[Opening RECORD EXCERPTS section]

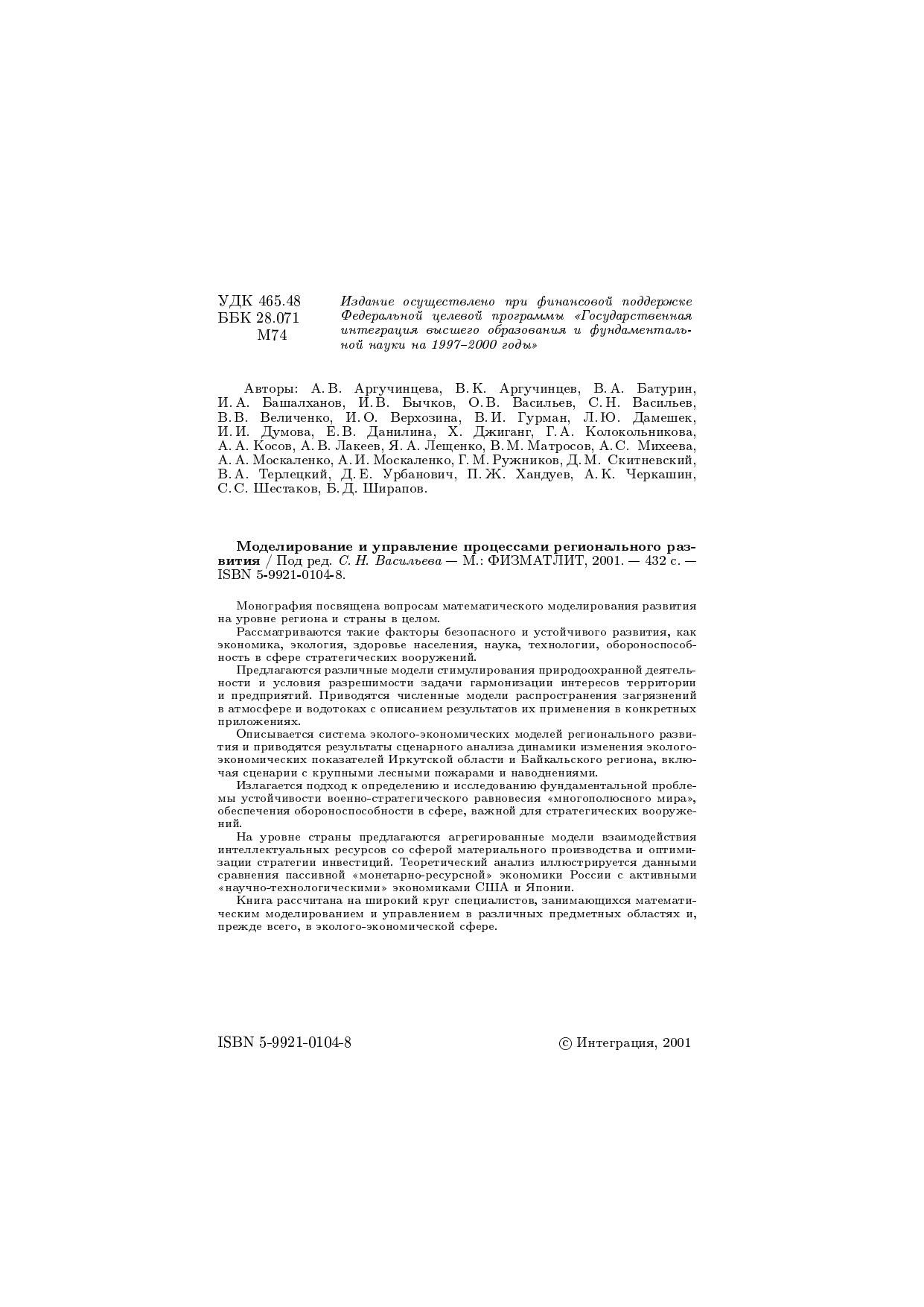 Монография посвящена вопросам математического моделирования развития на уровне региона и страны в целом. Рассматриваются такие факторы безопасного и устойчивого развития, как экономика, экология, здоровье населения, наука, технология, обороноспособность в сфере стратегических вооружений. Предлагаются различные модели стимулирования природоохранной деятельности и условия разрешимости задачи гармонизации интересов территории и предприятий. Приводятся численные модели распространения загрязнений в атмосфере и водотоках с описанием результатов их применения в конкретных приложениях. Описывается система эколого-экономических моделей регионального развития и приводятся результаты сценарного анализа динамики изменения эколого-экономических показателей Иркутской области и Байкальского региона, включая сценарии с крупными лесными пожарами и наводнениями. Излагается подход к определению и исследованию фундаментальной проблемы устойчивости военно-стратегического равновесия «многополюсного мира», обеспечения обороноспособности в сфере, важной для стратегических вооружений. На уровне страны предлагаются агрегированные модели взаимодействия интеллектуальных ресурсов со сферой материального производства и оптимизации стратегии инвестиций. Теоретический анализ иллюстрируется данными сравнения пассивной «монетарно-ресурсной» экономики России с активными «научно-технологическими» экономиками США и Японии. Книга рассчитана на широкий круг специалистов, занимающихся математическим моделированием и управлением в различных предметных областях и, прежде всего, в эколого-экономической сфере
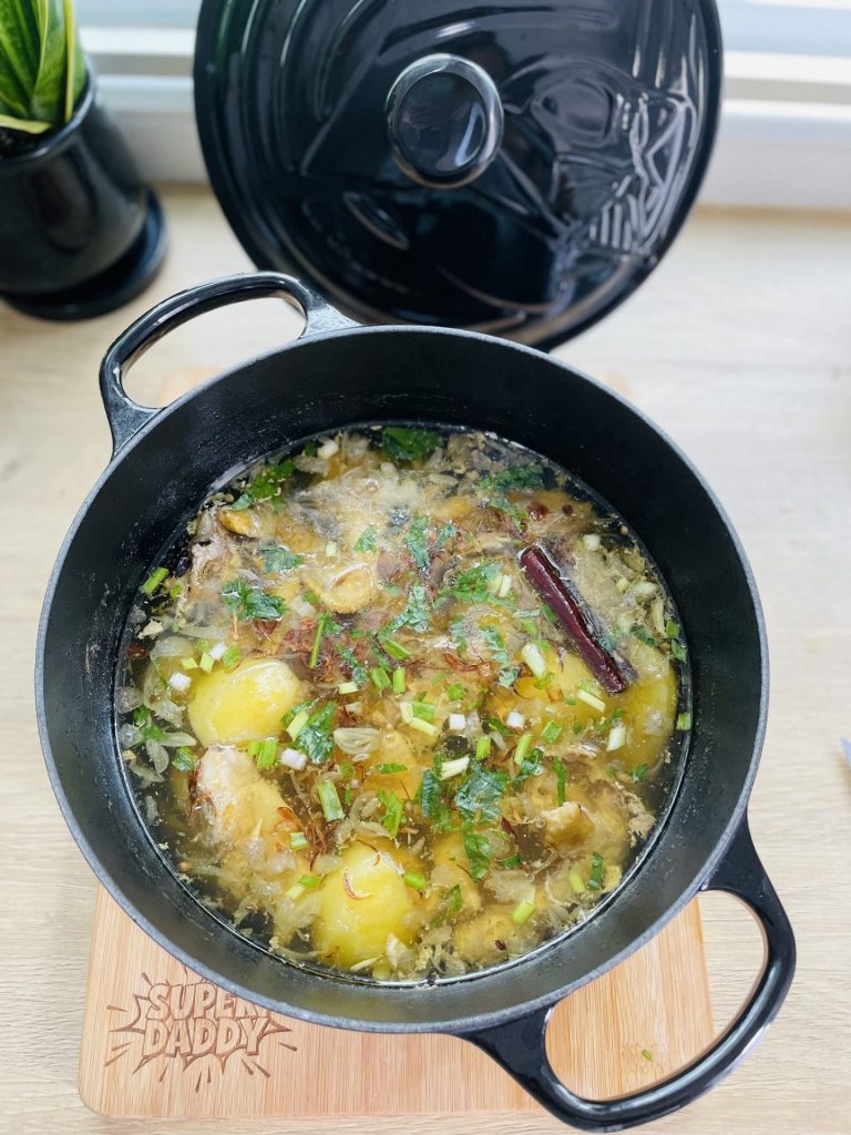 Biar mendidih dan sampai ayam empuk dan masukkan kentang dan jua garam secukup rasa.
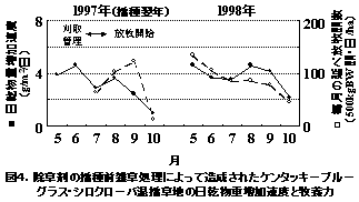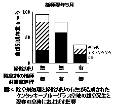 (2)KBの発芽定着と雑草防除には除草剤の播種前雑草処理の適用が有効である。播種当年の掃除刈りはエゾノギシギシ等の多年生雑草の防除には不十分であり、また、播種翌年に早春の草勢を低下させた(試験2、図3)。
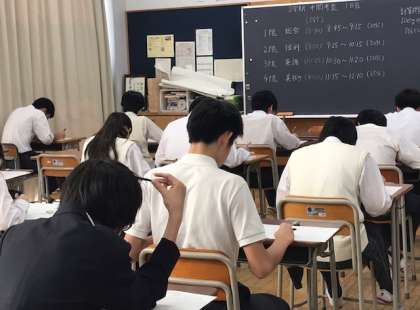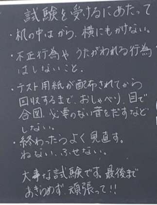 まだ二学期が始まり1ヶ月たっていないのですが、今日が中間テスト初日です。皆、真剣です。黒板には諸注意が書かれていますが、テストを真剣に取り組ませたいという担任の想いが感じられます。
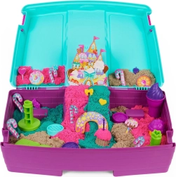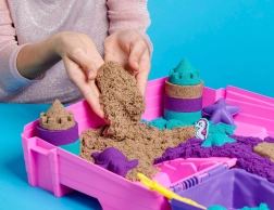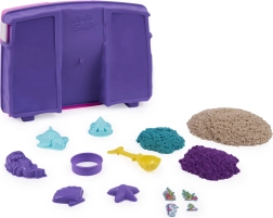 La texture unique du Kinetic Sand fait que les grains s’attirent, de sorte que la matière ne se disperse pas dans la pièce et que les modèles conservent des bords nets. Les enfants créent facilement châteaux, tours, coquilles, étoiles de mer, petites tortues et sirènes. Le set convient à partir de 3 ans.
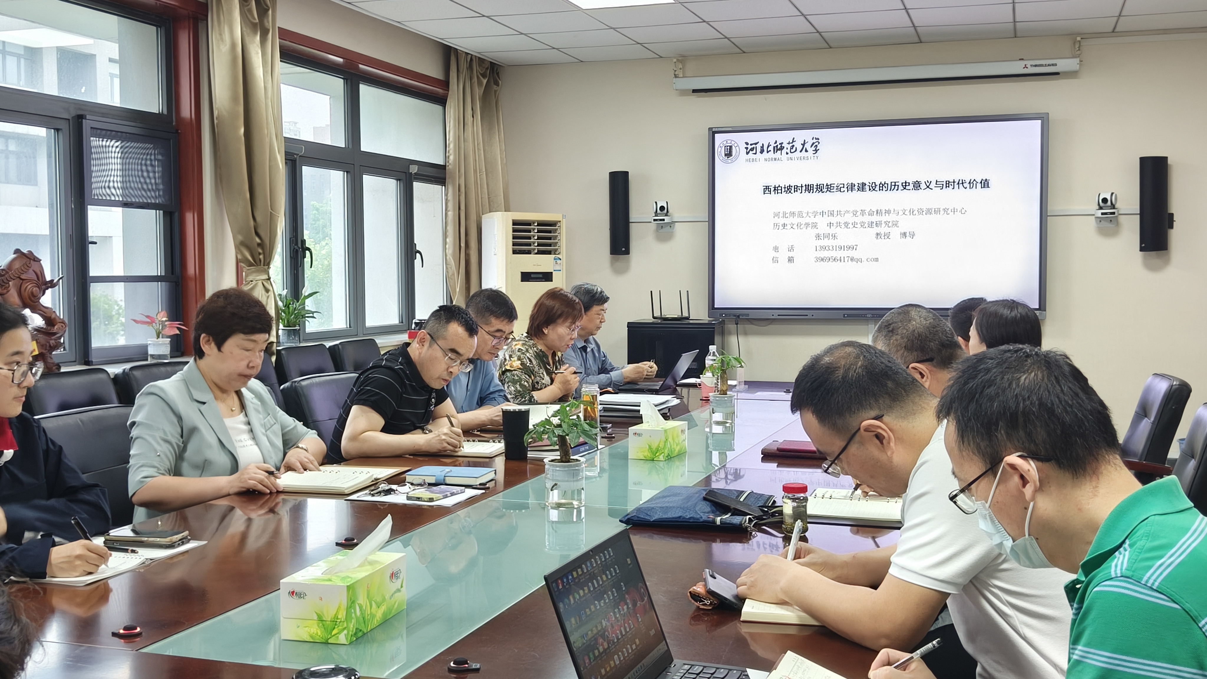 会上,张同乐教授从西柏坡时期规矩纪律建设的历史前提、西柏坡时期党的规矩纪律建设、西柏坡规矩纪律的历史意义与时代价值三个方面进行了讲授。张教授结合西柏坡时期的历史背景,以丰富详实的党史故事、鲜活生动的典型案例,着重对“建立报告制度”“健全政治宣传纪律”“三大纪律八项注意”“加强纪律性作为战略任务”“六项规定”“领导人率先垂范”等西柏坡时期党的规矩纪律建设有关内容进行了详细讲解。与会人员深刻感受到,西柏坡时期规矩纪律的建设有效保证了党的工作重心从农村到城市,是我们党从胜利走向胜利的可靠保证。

[Closing RECORD EXCERPTS section]

**ASSIGNMENT**
What is the exact wording of the lines from the one bearing "(2)KBの発芽定着と雑草防" through the final line of the records above? Write it out without the pictures.

**RESPONSE BELOW**
 (2)KBの発芽定着と雑草防除には除草剤の播種前雑草処理の適用が有効である。播種当年の掃除刈りはエゾノギシギシ等の多年生雑草の防除には不十分であり、また、播種翌年に早春の草勢を低下させた(試験2、図3)。
 まだ二学期が始まり1ヶ月たっていないのですが、今日が中間テスト初日です。皆、真剣です。黒板には諸注意が書かれていますが、テストを真剣に取り組ませたいという担任の想いが感じられます。
 La texture unique du Kinetic Sand fait que les grains s’attirent, de sorte que la matière ne se disperse pas dans la pièce et que les modèles conservent des bords nets. Les enfants créent facilement châteaux, tours, coquilles, étoiles de mer, petites tortues et sirènes. Le set convient à partir de 3 ans.
 会上,张同乐教授从西柏坡时期规矩纪律建设的历史前提、西柏坡时期党的规矩纪律建设、西柏坡规矩纪律的历史意义与时代价值三个方面进行了讲授。张教授结合西柏坡时期的历史背景,以丰富详实的党史故事、鲜活生动的典型案例,着重对“建立报告制度”“健全政治宣传纪律”“三大纪律八项注意”“加强纪律性作为战略任务”“六项规定”“领导人率先垂范”等西柏坡时期党的规矩纪律建设有关内容进行了详细讲解。与会人员深刻感受到,西柏坡时期规矩纪律的建设有效保证了党的工作重心从农村到城市,是我们党从胜利走向胜利的可靠保证。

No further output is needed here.